US Treasury debt prices fell on Monday as hopes that the recession was easing drove up stocks and lured investors away from safe-haven government bonds. Stocks rose as solid results from No 2 US home improvement retailer Lowe's Cos Inc raised hopes that consumer spending - and the economy - were stabilising after a sharp contraction.
Financial shares also rose on positive comments on Bank of America Corp, with Citigroup saying it expects the bank to report a second-quarter profit instead of a loss. "Show me higher stocks and I'll show you lower government bond prices," said William Sullivan, chief economist at JVB Financial Group in Boca Raton, Florida.
"The renewed rally in the broad equity averages is a symbol of economic recovery and of investors' willingness to take on riskier assets," he said. "Funds are moving to stocks and other assets so some cash is coming out of the government securities market." Bond yields have been rising for two months on evidence that the pace of economic decline was slowing.
Major stock indexes finished sharply higher with the Dow Jones industrial average up 2.85 percent, the Standard & Poor's 500 Index up 3.04 percent, and the Nasdaq Composite Index up 3.11 percent. As stocks climbed, benchmark 10-year notes tumbled 25/32, their yields rising to 3.23 percent, up 10 basis points on the day.
The 30-year bond fell nearly two full points, its yield rising to 4.19 percent from 4.08 percent on Friday. "Stocks being up and talk of a bottom and an economic recovery was just bad news for bonds," said Cary Leahey, economist at Decision Economics in New York.

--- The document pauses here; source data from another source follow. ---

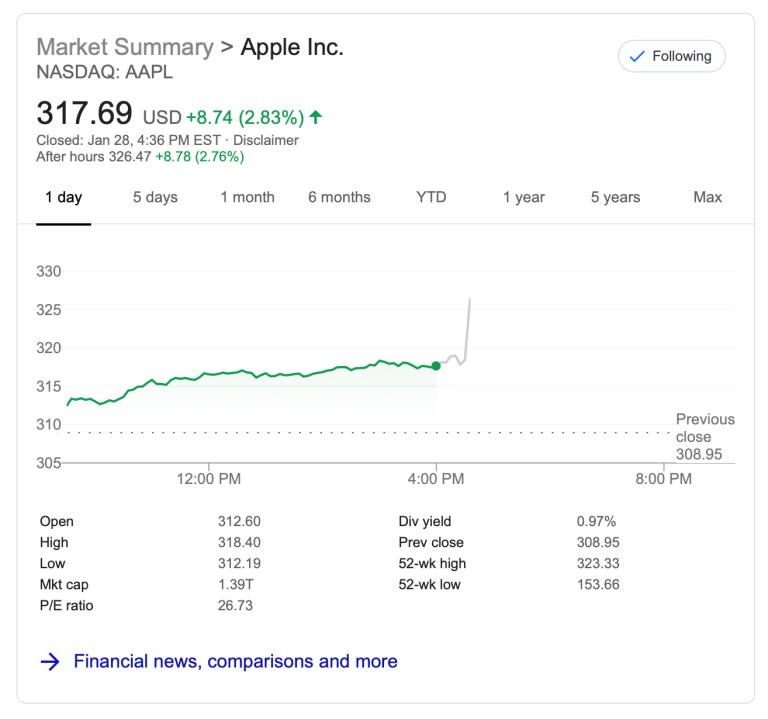 AAPL is up nearly 3% in after-hours trading on the news:
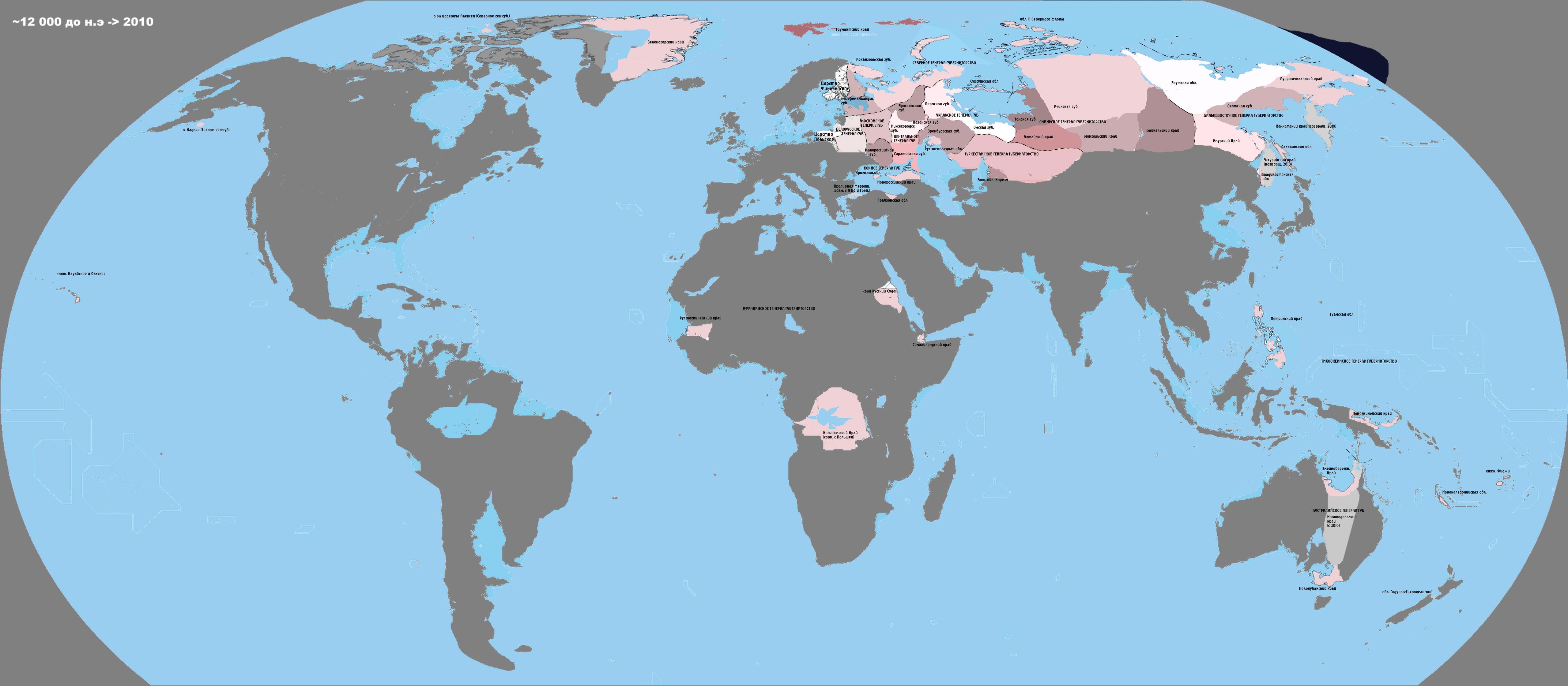 - десять внутренних генерал-губернаторств (главных, генерал-губернаторств метрополии), включающих в себя двадцать три губернии, десять краёв (включая возвращённые в 2010 Камчатский и Уссурийский) и восемь областей центрального подчинения
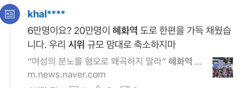 혜화역 시위 6만명이라더니 이제는 20만명!?
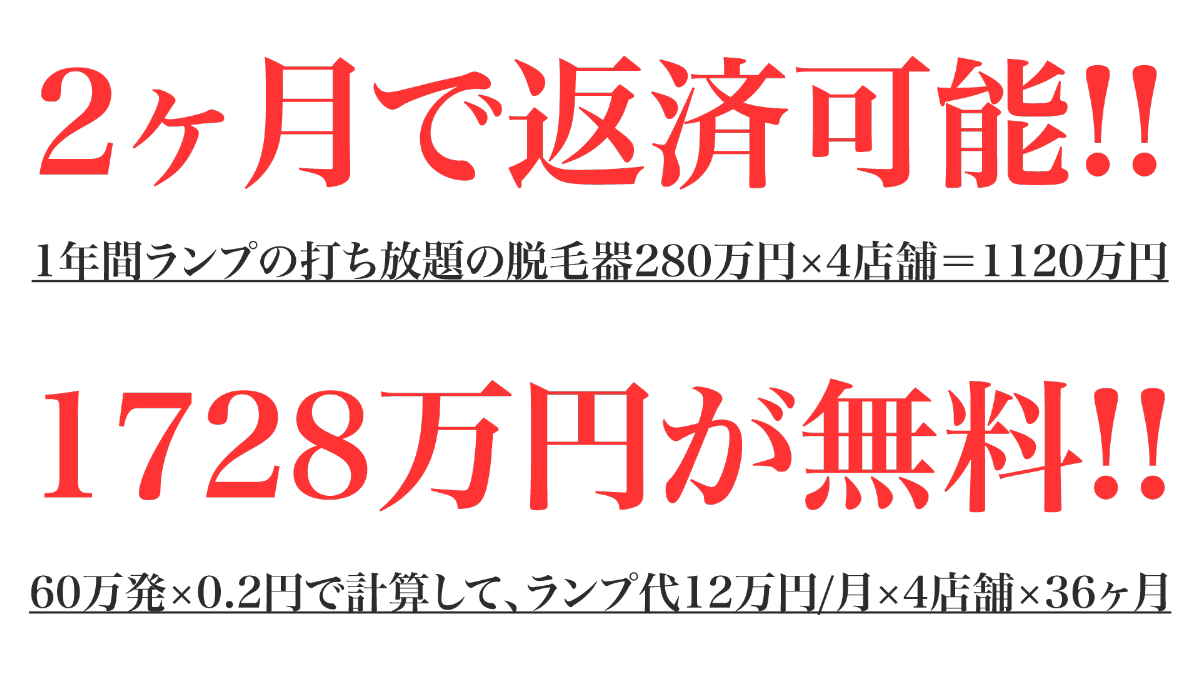 既存のお客様に、1年間ランプの打ち放題の脱毛器を入れて、 新規のご提案をして、ホットペッパーを掲載して、広告宣伝をした場合、 1店舗1000人の既存の会員さんが居た場合、 300人以上が都度払い脱毛をした場合
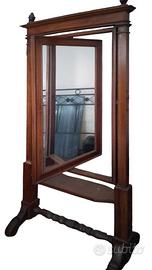 Articolo da antiquariato: antico specchio da sarta in legno, orientabile a 180° su due assi. Altezza circa 2 metri.
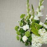 Statice - 6 pcs Hydrangea - 3 pcs Viburnum - 5 pcs Anthurium - 2 pcs gladiolas - 3 pcs carnation - 10 pcs ceramic vase - 1 pcs
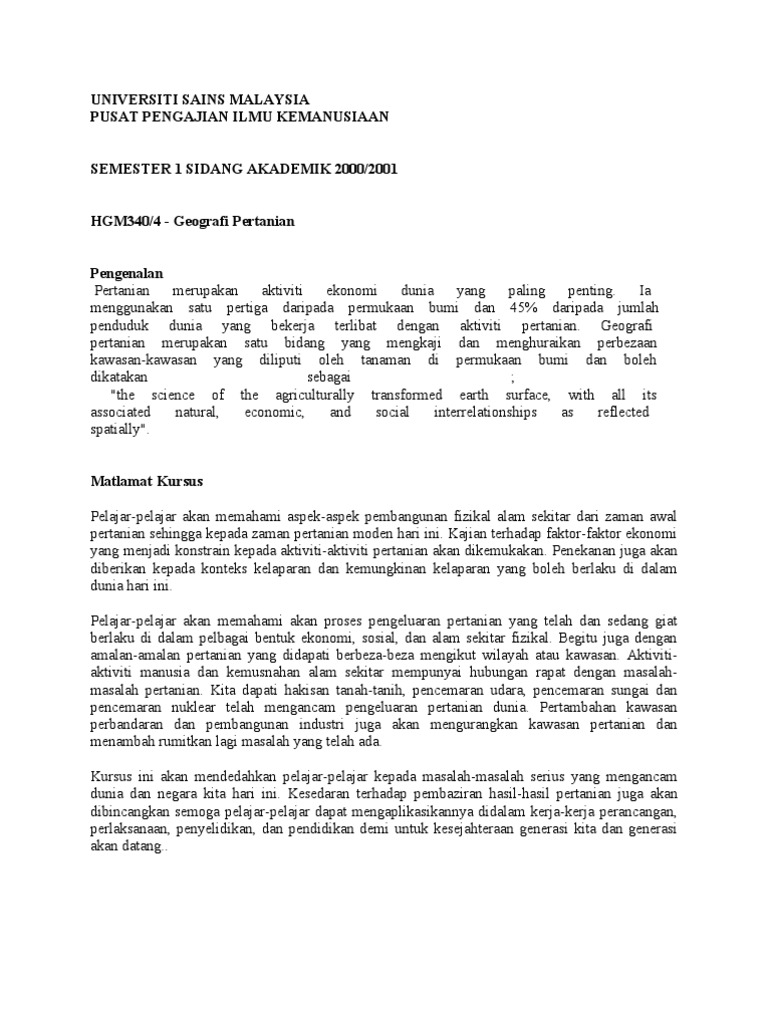 Contoh Rangka Pengajian Geografi Usm

In the background, as well, was the realisation that the US federal budget deficit and the financing to fund the deficit spending means enormous debt issuance ahead, analysts said. "Bonds are getting hurt by the tremendous amount of Treasury debt that will be issued over the next couple of years," Leahey said.
On Tuesday, the government will report April housing start figures. A Reuters poll of economists looks for the slightest of upticks in April housing starts to a seasonally adjusted annualised 0.52 million from 0.51 million in March. The Fed bought Treasuries maturing in August 2019 and February 2023 early in the session.